WWF has started a new policy of putting out a monthly press release about how many households are having electricity supplied by wind. But, despite being told of their error, they continue to put out statistics based on an incorrect definition of a household.
Households can have two meters for a variety of reasons, most commonly for off-peak storage heaters. WWF’s figures, which the article quotes, are derived from a theoretical model which assumes average annual UK household electricity consumption to be 3,790 kWh. Official statistics for 2013 show a Great Britain household average of 4,065 kWh and a Scotland average of 4,435 kWh.
The model overstates the number of households supplied by 17%.
But it gets worse.
The model assumes equal electricity consumption in each month. In December, domestic consumption is over 20% higher than a notional average month.

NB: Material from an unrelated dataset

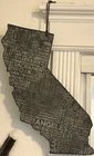 Heavy 2.5lb laser etched black slate cutout silhouette of the state of California with major cities engraved as the design. Can be use as a decorative wall art. Seeing similar items for sale as a cheeseboard or serving tray. Fun item for new Californian or a California native. Or unique cheeseboard collector. Measures about 13” long.

The combined effect of these errors is to overstate the number of households theoretically supplied by wind-generated electricity in December by nearly 40%. The model assumes the average household uses around 320 kWh in December but the reality is over 440 kWh.
If WWF intends to make a serious contribution to the discussion of energy policy in Scotland, it could start by not providing misleading statistics. By presenting figures for households, which account for less than half of electricity consumption, and by understating per household consumption it presents a rosier picture that fits with its world view but isn’t real.